Certa introspecção no funcionamento emocional. O interesse no
mundo externo diminui e o funcionamento psíquico passa a compreender, em sua
maior parte, apenas os aspectos do mundo interno.
Algumas condições
devem existir para que se desenvolva a depressão que ocorrerá normalmente após
alguma perda importante. “Entra-se” em depressão quando acontece à perda de
alguém, ou mesmo de alguma coisa muito importante na vida do sujeito. Se estivermos aqui
falando de um desenvolvimento saudável do funcionamento mental, a depressão
deve compreender certo período de afastamento das coisas do mundo externo. Um
desinvestimento de interesse no mundo que resultará num afugentamento da vida
social.
Essa experiência
emocional ocorrerá em qualquer pessoa, em qualquer fase da vida onde incida uma
grande perda. No entanto, existem pelo menos a
priori, dois tipos de depressão.
Um primeiro modelo é
a depressão normal que
ocorre numa mente saudável. Esse tipo de depressão se pronuncia sempre que
perdemos algo de muito valor.

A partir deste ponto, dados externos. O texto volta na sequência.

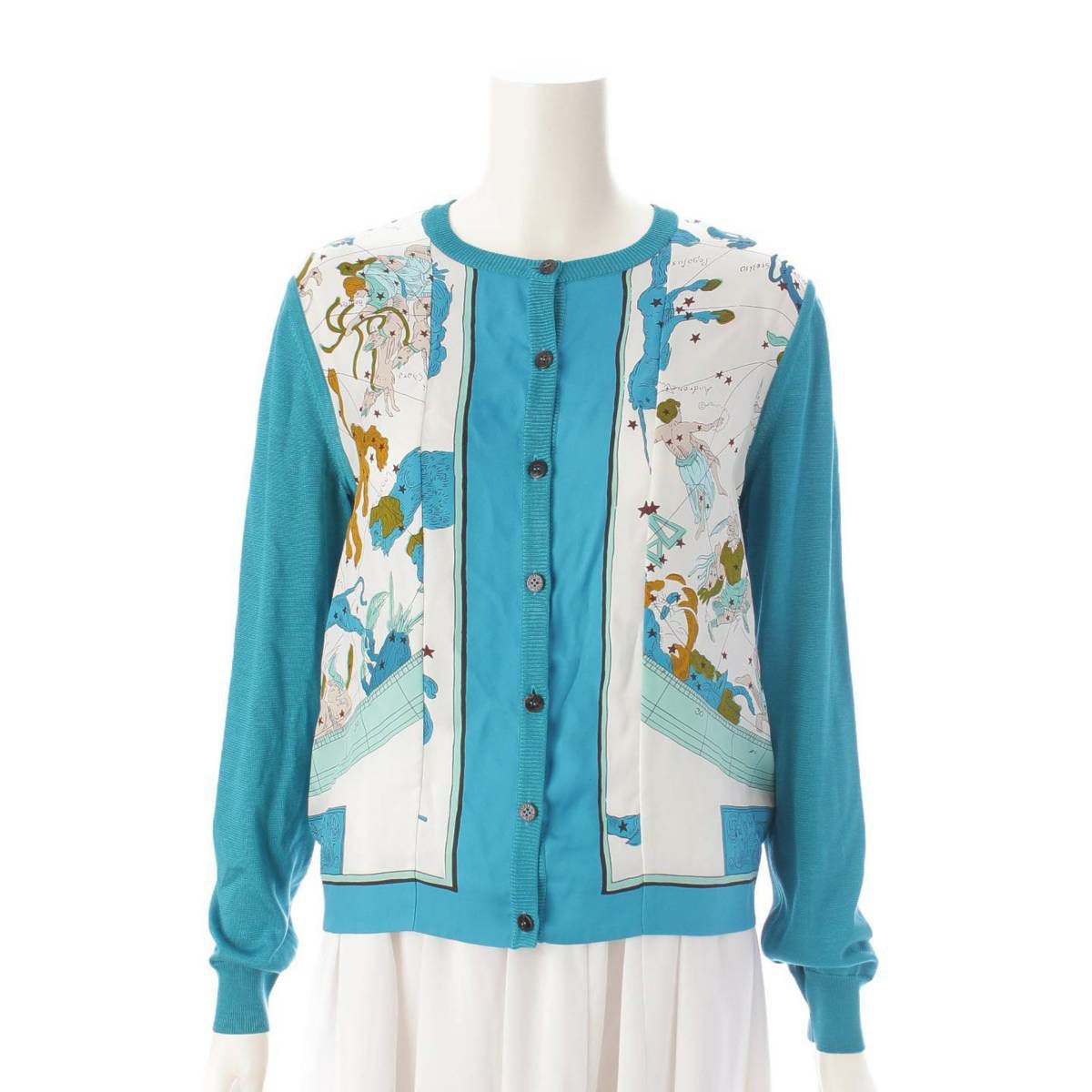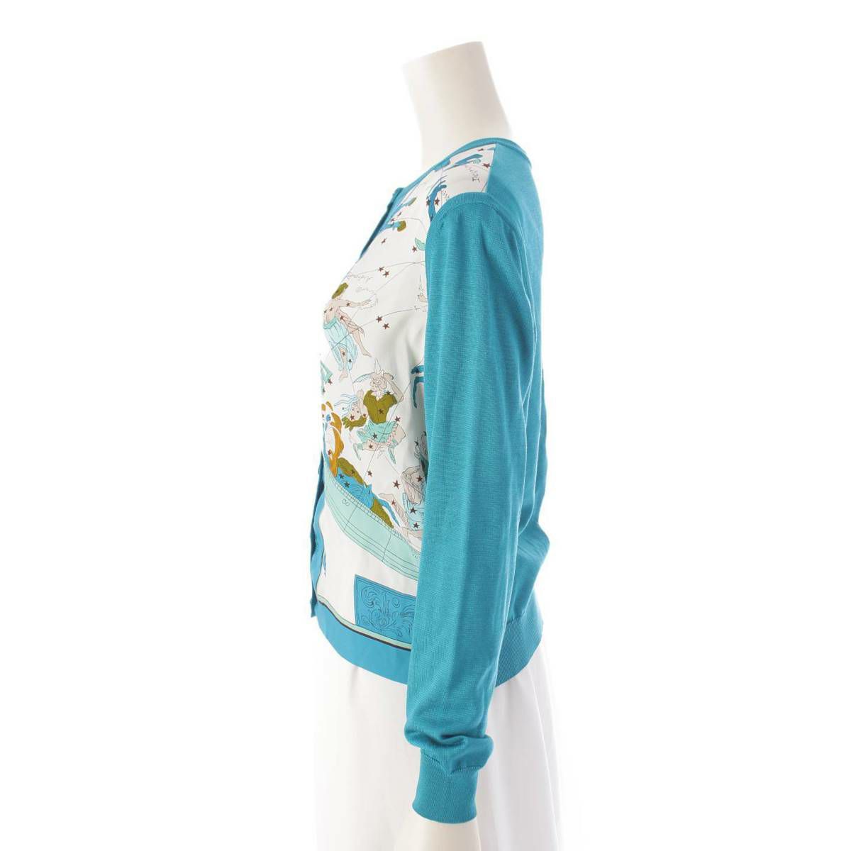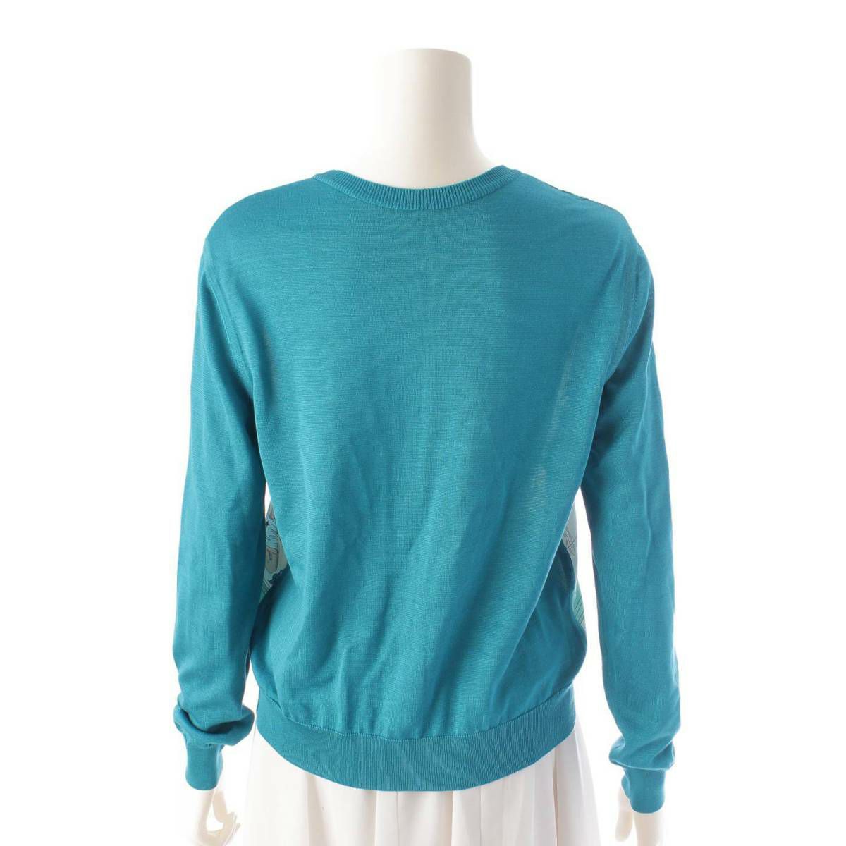 エルメス ツイルレーヌ シルク切替 長袖 ニットカーディガン トップス ブルー 36

Nesse padrão depressivo, desvalorizamos o mundo
externo, nos resguardando na segurança do mundo interno. Porém, isso até que
nos recuperemos da perda e voltemos a nos interessar pelas coisas do mundo.
Sigmund Freud (1856-1939) denominou esse processo de ‘luto’.
O sujeito se coloca retirado do mundo externo (onde ocorreu a perda), em nome
de acomodar internamente a realidade daquilo que se perdeu.
Na forma natural
chamada de luto,
o sujeito deprimido sente uma tristeza que o conduzirá a desvalorizar as
pessoas e as coisas do mundo externo, contudo ainda manterá sua auto-estima num
nível consideravelmente bom.
Isso servirá para manter o funcionamento mental, mesmo que rebaixado,
trabalhando de forma saudável.
Contudo, se o
relacionamento que se mantinha com esse alguém (ou aquilo) que foi perdido, era
mantido de uma forma perturbada, muito provavelmente após a perda, se
desencadeará uma depressão
patológica. Esse modelo de experiência, Freud chamou de ‘melancolia’.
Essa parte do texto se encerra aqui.